Education level categories are ≤ 8th grade, some high school, high school graduate, some college, college graduate, and post-graduate. Occupation categories are executive/supervisory, technical, laborer, clerical, sales, and housewife.

b

Marital status categories are single, married, and divorce or widowed. Baseline smoking are smoking, not smoking, and quitting. Anti-hypertension drug are regular use, not use, and sporadic use.

c

zero-continuous variables such as cigarettes per day are predicted in two stages, first a logistic regression on an indicator of whether the variable is nonzero and then a linear regression of the log of the nonzero values.

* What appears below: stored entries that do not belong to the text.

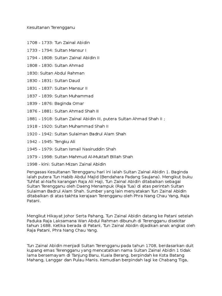 Pada tahun 1911, sultan zainal abidin iii mengeluarkan perlembagaan pertama terengganu. Succeeding on the death of his father sultan ahmad, under his reign terengganu. Biografi sultan yang adil dan alim. Succeeding on the death of his father sultan ahmad. Faculties in universiti sultan zainal abidin.
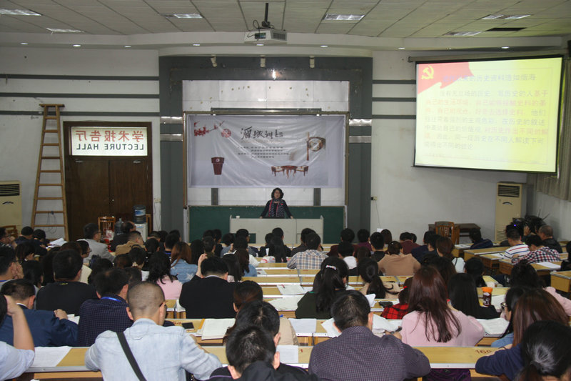 4月24日,市委党校教授、“酒城讲坛”讲师舒榕,在泸州高中党史宣讲党员工作室和樟林讲坛的约请下,以“中国共产党95年光辉历程”为题,向泸高200多名党员干部宣讲党的历史。
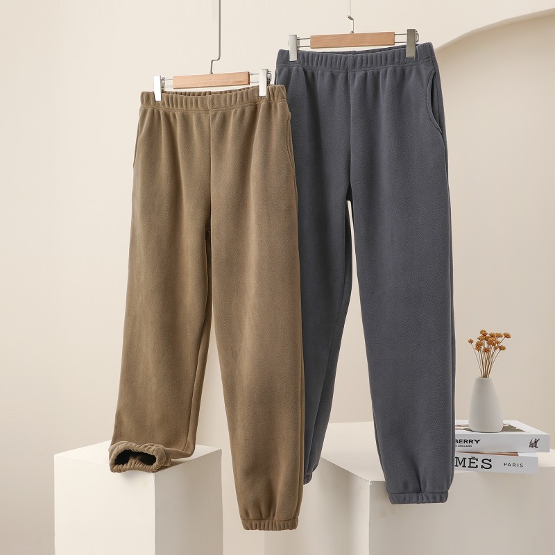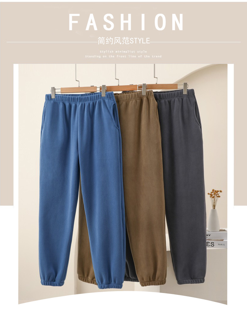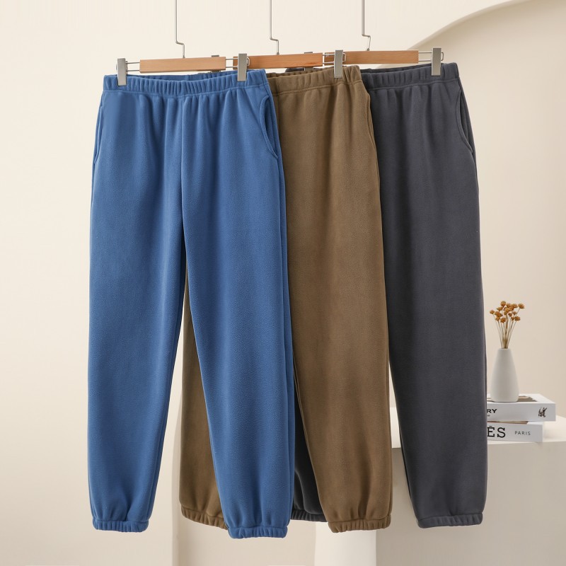 Ao Grain Fleece 남성용 두꺼운 감기 방지 따뜻한 캐주얼 바지 가을과 겨울 발 발가락 스포츠 바지 느슨한 올 매치 포켓 바지
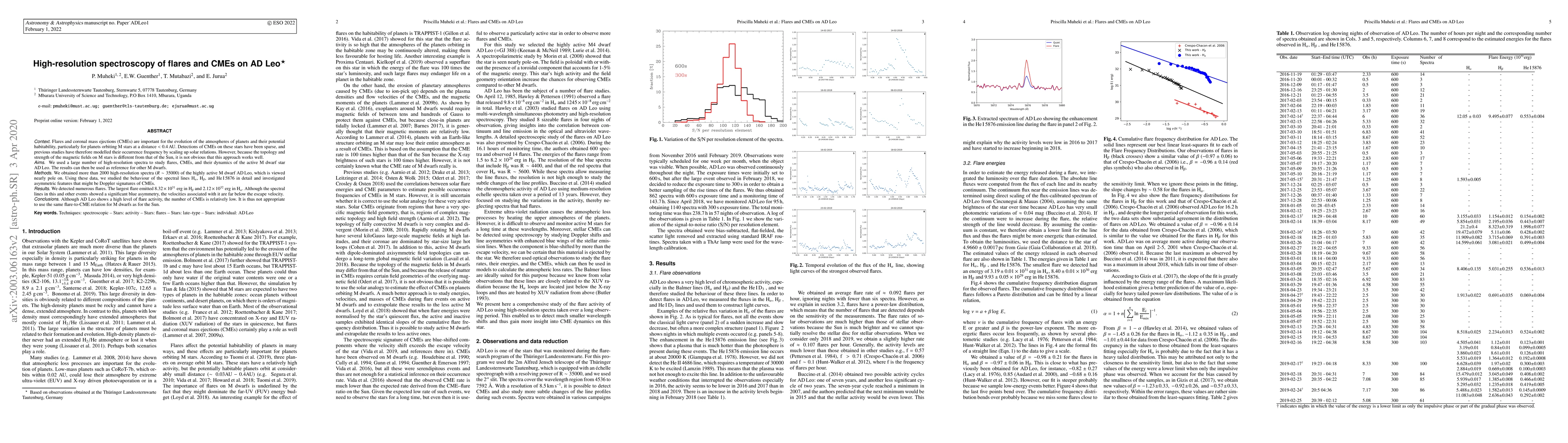 This paper uses high-resolution spectroscopy to study flares and coronal mass ejections (CMEs) on the M dwarf star AD Leo, finding high flare activity but a low CME occurrence rate. The study suggests that the flare-to-CME relation for M dwarfs differs from that of the Sun due to differences in magnetic field topology and strength.

The parametric g-formula is used to estimate the total effect of smoking 20 cigarettes per day v.s. no smoking on SBP and on BMI at exam 5, by the g-formula macro. The parametric mediational g-formula is applied to conduct mediation analysis with time-varying mediators and exposures by our newly developed mgformula macro. We specify models for the outcome mean, as well as for each time-varying covariate (including mediator, exposure, and confounders) at each time point. We use current covariates and covariates at one period back (one lagged model) as the predictors. Specifically, we regress Y on main effects for A(5), M(5), L(5), A(4), M(4), and L(4). For t = 0, 1, 2, …, 5, we regress L(t) on A(t−1), M(t−1), and L(t−1); regress M(t) on A(t), A(t−1), M(t−1), L(t), and L(t−1); and regress A(t) on A(t−1), M(t−1), L(t), and L(t−1) (please refer to the eAppendix for more details). All analyses are conducted using SAS 9.4 (Cary, NC).

Results

The demographic and baseline health characteristics for smokers (n = 1,759), non-smokers (n = 1,174), and quitters (n = 183) are shown in Table 2. Compared with non-smokers, smokers have higher male proportion, younger age, and better education level. The majority of non-smokers are female (84%) and half of them have the occupation of housewife. The occupations of the smokers are mainly supervisor, laborer, and housewife. At baseline, the smokers appear to have better health status for lower systolic blood pressure, cholesterol level, and BMI.

Table 2.

Baseline characteristics of eligible participants grouped by former smoking status.

Characteristic Quitters
(n = 183)
Non-smokers
(n = 1,174)
Smokers
(n = 1,759)
Male (%) 128 (69) 188 (16) 1049 (59)
Age, year
(Mean (SD))
50 (8.5) 49 (8.5) 46 (8.0)
SBP, mmHg
(Mean (SD))
128 (18) 132 (22) 126 (18)
BMI
(Mean (SD))
26 (4) 26 (4) 25 (4)
Chol
(Mean (SD))
234 (44) 232 (45) 228 (43)
Height
(Mean (SD))
66 (3) 63 (3) 65 (3)
Education (%)
  <High school 65 (36) 507 (43) 675 (38)
  High school 64 (35) 420 (36) 707 (40)
  College or higher 51 (28) 227 (19) 350 (20)
  Missing 3 (2) 20 (2) 27 (2)
Work (%)
  Supervisory 58 (32) 156 (13.3) 419 (23.8)
  Technical 20 (10.9) 31 (2.6) 130 (7.4)
  Laborer 48 (26.2) 238 (20.3) 517 (29.4)
  Clerical 12 (6.6) 76 (6.5) 109 (6.2)
  Sales 8 (4.4) 19 (1.6) 91 (5.2)
  Housewife 36 (19.7) 647 (55.1) 478 (27.2)
  Missing 1 (0.5) 7 (0.6) 15 (0.9)
Marital (%)
  Married 163 (89.1) 935 (80) 1580 (90)
  Single 10 (6) 145 (12) 105 (6)
  Divorced 10 (6) 94 (8) 74 (4)

SBP: systolic blood pressure; BMI: body mass index; Chol: cholesterol level;

No one use the anti-hypertensive drugs at the beginning.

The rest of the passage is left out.